RESTEasy module resteasy-validator-provider supplies an implementation
of GeneralValidator
.
An alternative implementation may be supplied by implementing
ContextResolver<GeneralValidator>
and
org.jboss.resteasy.spi.validation.GeneralValidator
.
A validator intended to function in the presence of CDI must also implement the subinterface
public interface GeneralValidatorCDI extends GeneralValidator { /** * Indicates if validation is turned on for a class. * * This method should be called from the resteasy-jaxrs module.
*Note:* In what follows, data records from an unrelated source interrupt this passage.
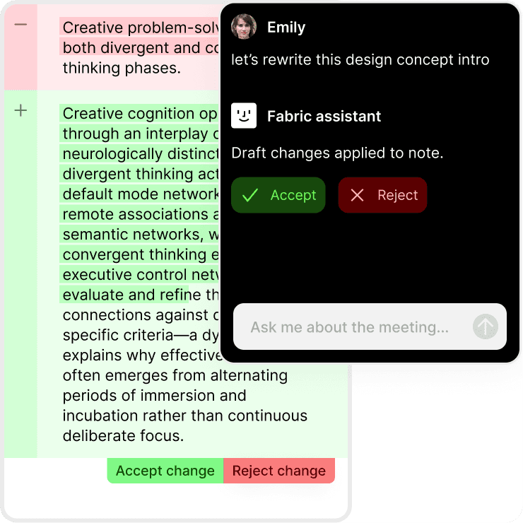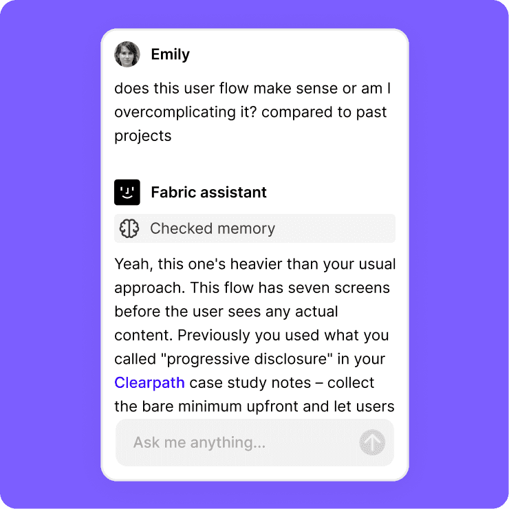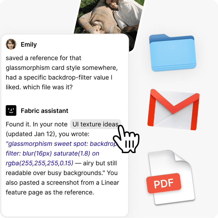 With powerful memory, the more you add to Fabric, the more your assistant can do for you. Your projects, your references, your style.
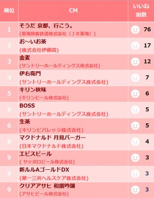 CMランキング/アンケート発表・紅葉の季節に合うCMトップは「そうだ京都、行こう。」2位以降は飲料CMがほぼ独占!ユーザーコメントも公開/CM-TVRider;tv-rider.jp
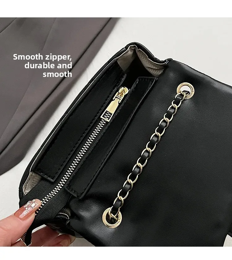 De enkele kettingriem kan crossbody of over de schouder gedragen worden, en binnenin vind je een speciaal telefoonvakje voor al je essentials. Gemaakt van hoogwaardig polyester, zodat stijl en functie moeiteloos samenkomen.
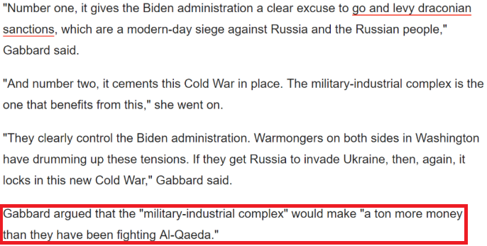 美国《新闻周刊》:加巴德在接受采访时怒斥美国两党的战争贩子都在煽动紧张局势,因为军工复合体将比他们与“基地”组织作战赚的多得多。
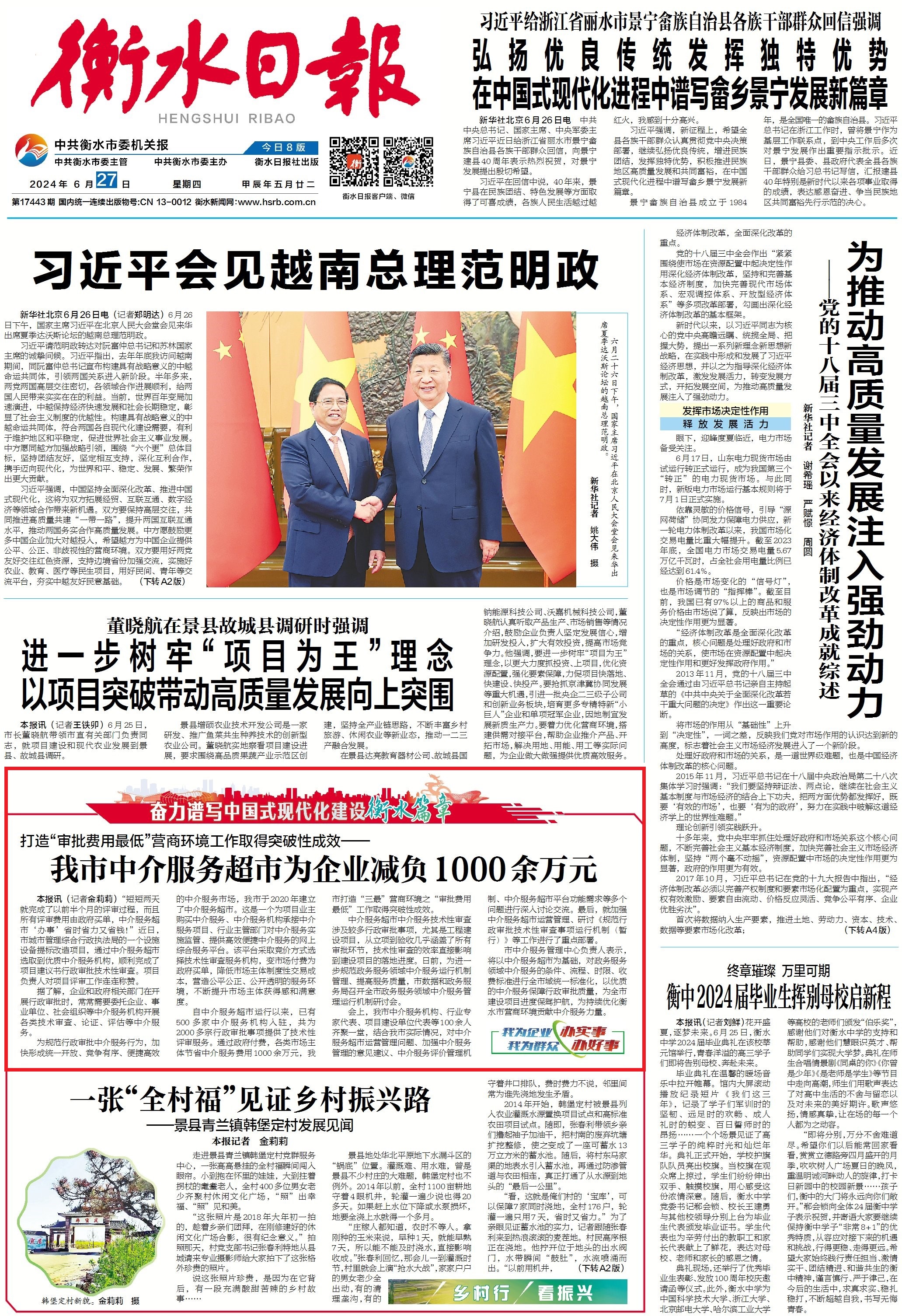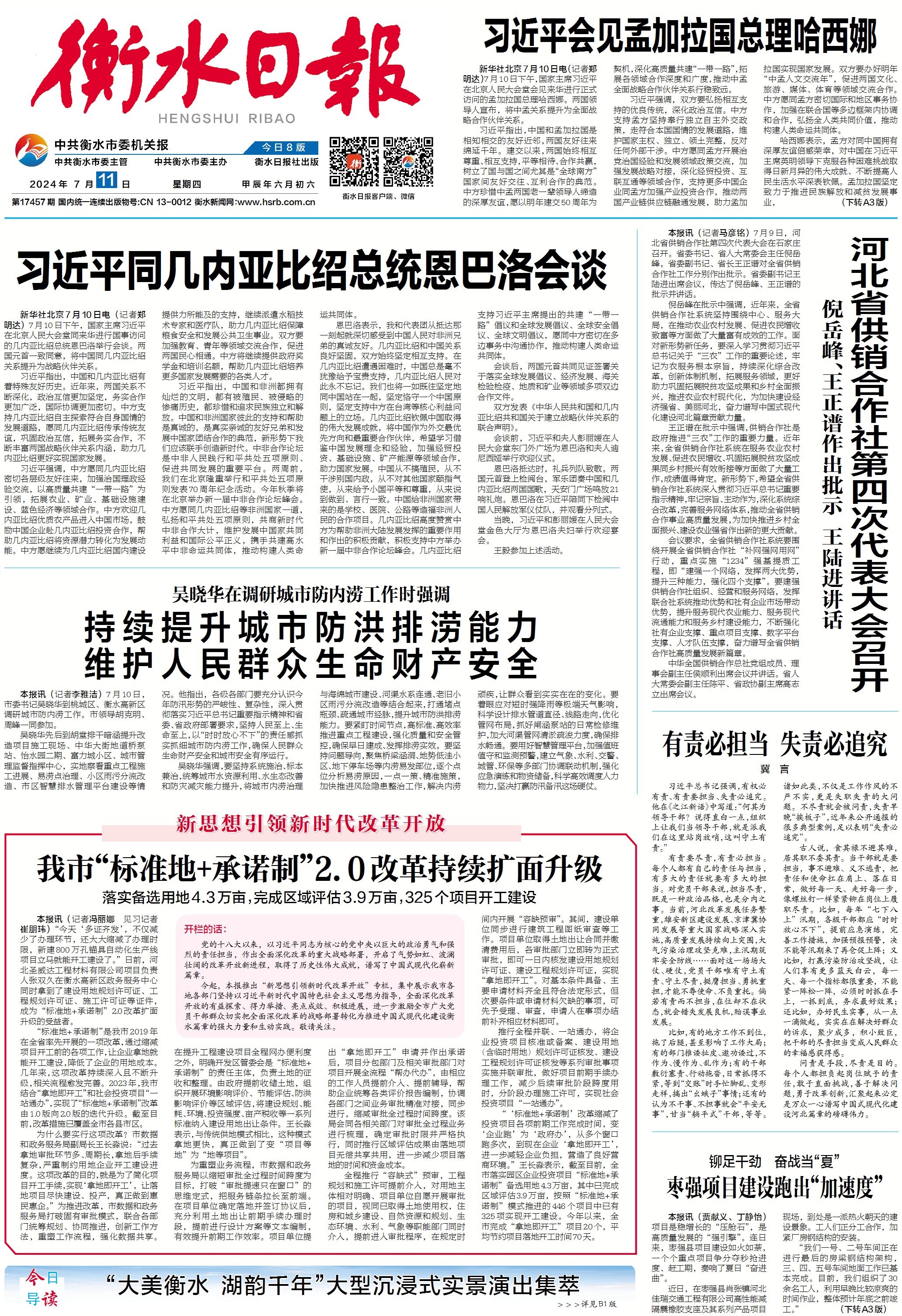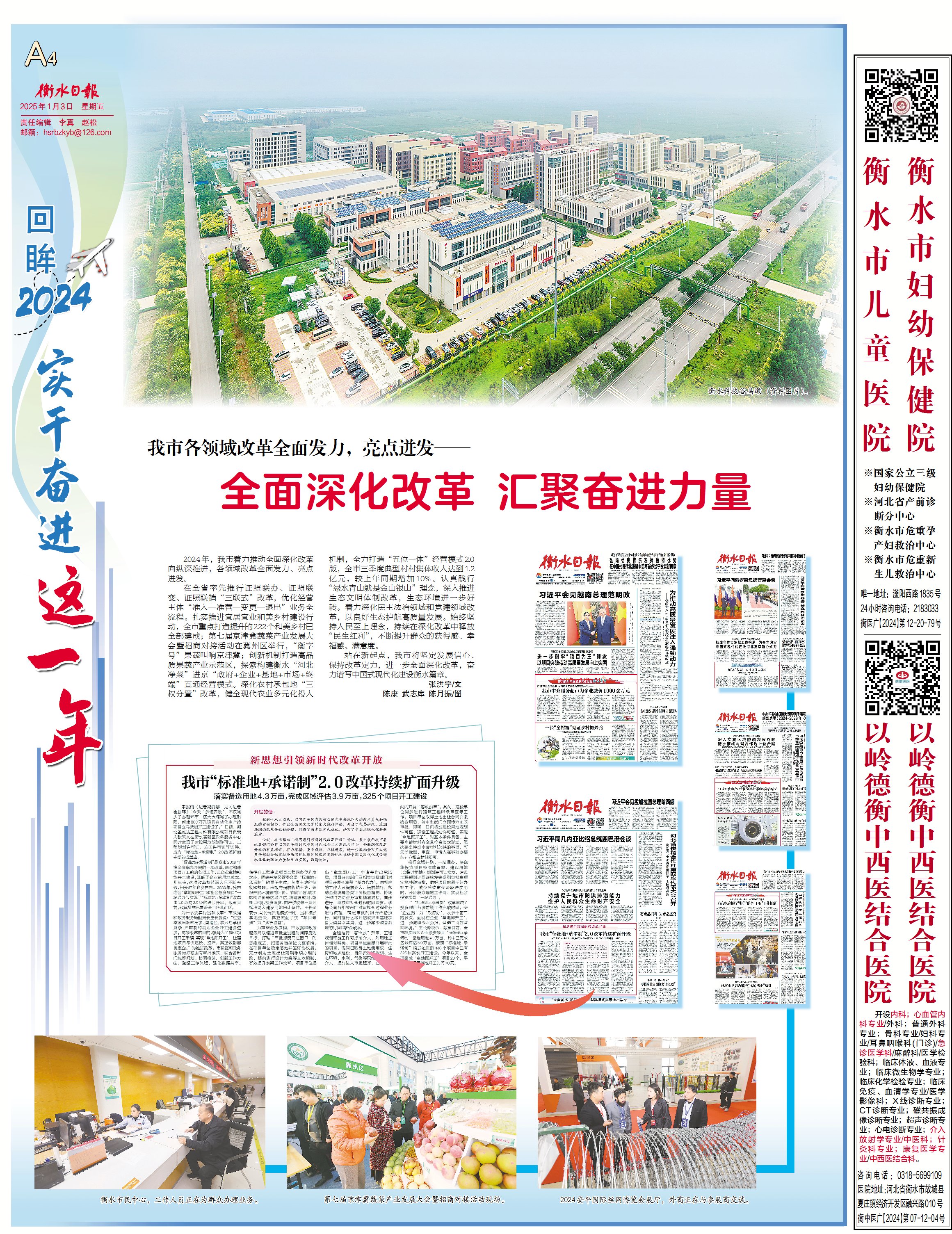 在全省率先推行证照联办、证照联变、证照联销“三联式”改革,优化经营主体“准入一准营一变更一退出”业务全流程。扎实推进宜居宜业和美乡村建设行动,全市重点打造提升的222个和美乡村已全部建成;第七届京津冀蔬菜产业发展大会暨招商对接活动在冀州区举行,“衡字号”果蔬叫响京津冀;创新机制打造高品质果蔬产业示范区,探索构建衡水“河北净菜”进京“政府+企业+基地+市场+终端”直通经营模式。深化农村承包地“三权分置”改革,健全现代农业多元化投入机制,全力打造“五位一体”经营模式2.0版,全市三季度典型村村集体收入达到1.2亿元,较上年同期增加10%。认真践行“绿水青山就是金山银山”理念,深入推进生态文明体制改革,生态环境进一步好转。着力深化民主法治领域和党建领域改革,以良好生态护航高质量发展。始终坚持人民至上理念,持续在深化改革中释放“民生红利”,不断提升群众的获得感、幸福感、满意度。

It should * test if injectorFactor is an instance of CdiInjectorFactory, which indicates * that CDI is active. If so, it should return false. Otherwise, it should * return the same value returned by GeneralValidator.isValidatable(). * * @param clazz Class to be examined * @param injectorFactory the InjectorFactory used for clazz * @return true if and only if validation is turned on for clazz */ public boolean isValidatable(Class<?> clazz, InjectorFactory injectorFactory); /** * Indicates if validation is turned on for a class. * This method should be called only from the resteasy-cdi module. * * @param clazz Class to be examined * @return true if and only if validation is turned on for clazz */ public abstract boolean isValidatableFromCDI(Class<?> clazz); /** * Throws a ResteasyViolationException if any validation violations have been detected. * The method should be called only from the resteasy-cdi module. * @param request */ public void checkViolationsfromCDI(HttpRequest request); /** * Throws a ResteasyViolationException if either a ConstraintViolationException or a * ResteasyConstraintViolationException is embedded in the cause hierarchy of e. * * @param request * @param e */ public void checkForConstraintViolations(HttpRequest request, Exception e); }
The validator in resteasy-validator-provider implements GeneralValidatorCDI.